As more parents offer opportunities like this to their students through home schooling, both public and private schools are left wondering how they’re going to bring in more money. That’s because with every student who leaves, state funding leaves with them. And that’s really tough in an already tight economy.
Based on last year’s numbers, schools will lose several hundred thousand dollars by not keeping kids in their district.
Which can result in bigger classrooms and more program cuts. Reasons parents were unhappy with a traditional classroom in the first place.
The Homelink program just became accredited last year, which means home schooled students can transfer class credits to any public school if they choose to go back. Some parents are also using both public school education and home school classes together. This means the schools will get some money for students who take even a few classes in their district.

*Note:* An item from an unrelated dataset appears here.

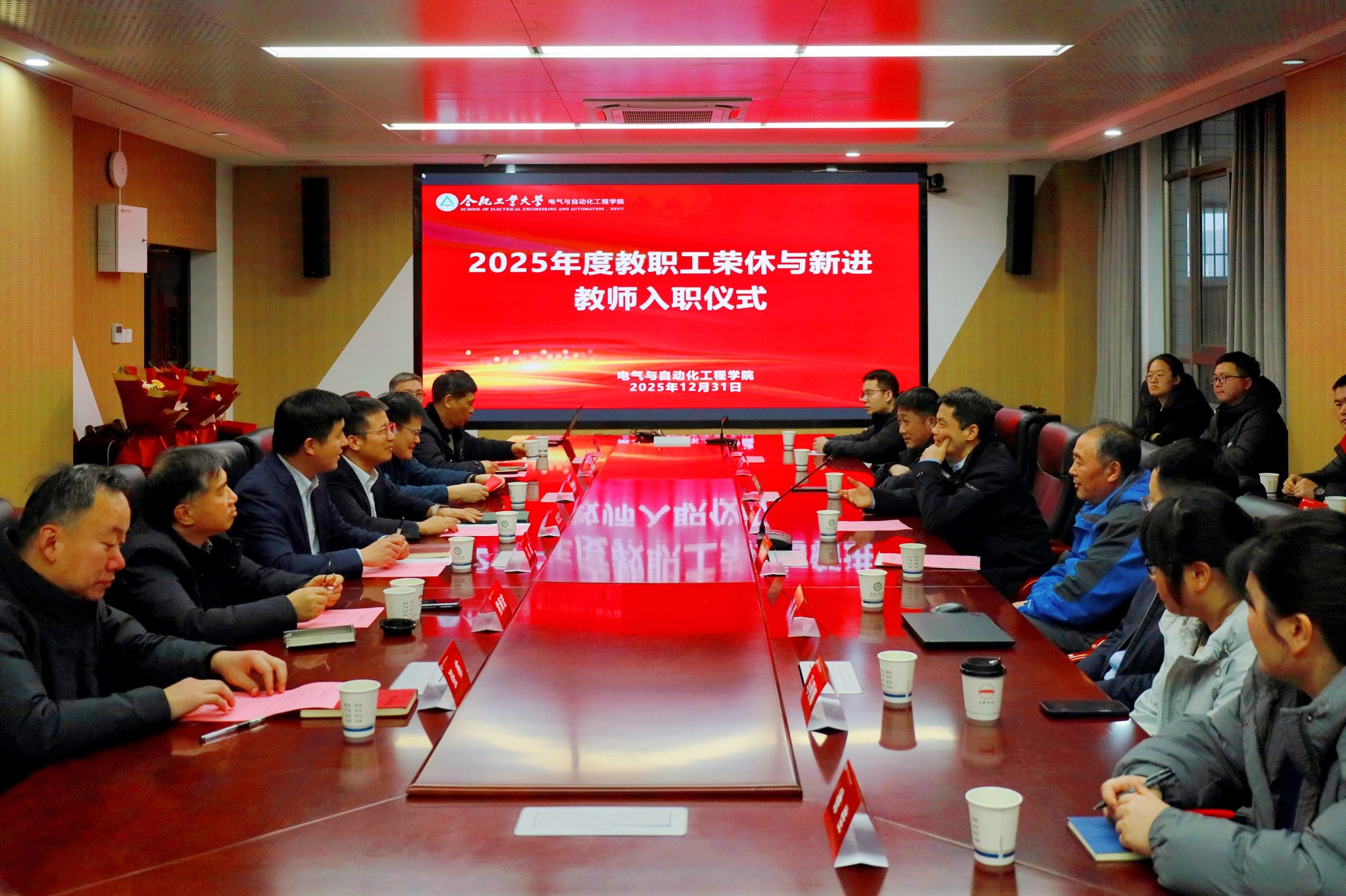 在逸夫楼1009会议室举行2025年度教职工荣休暨新教职工入职仪式。学院领导班子、各系(中心)负责人、2025年退休职工及新入职青年教师出席活动。

Someone is pulling the authors leg – HomeLink is a public school program in WA. Schools get partial funding in exchange for providing a public school ed for the child. the district I live in requires 2 days of attendance each week in a special program. Ironically, it skews the student/teacher ratio because one HomeLink teacher can have 100 students.
I'll bet Yakima has a public relations department to gloss over their silliness, just like my district, too.
So, Mary, what you're explaining is that HomeLink is a public-school-at-home program, subjected to public school laws and requirements, as opposed to homeschooling?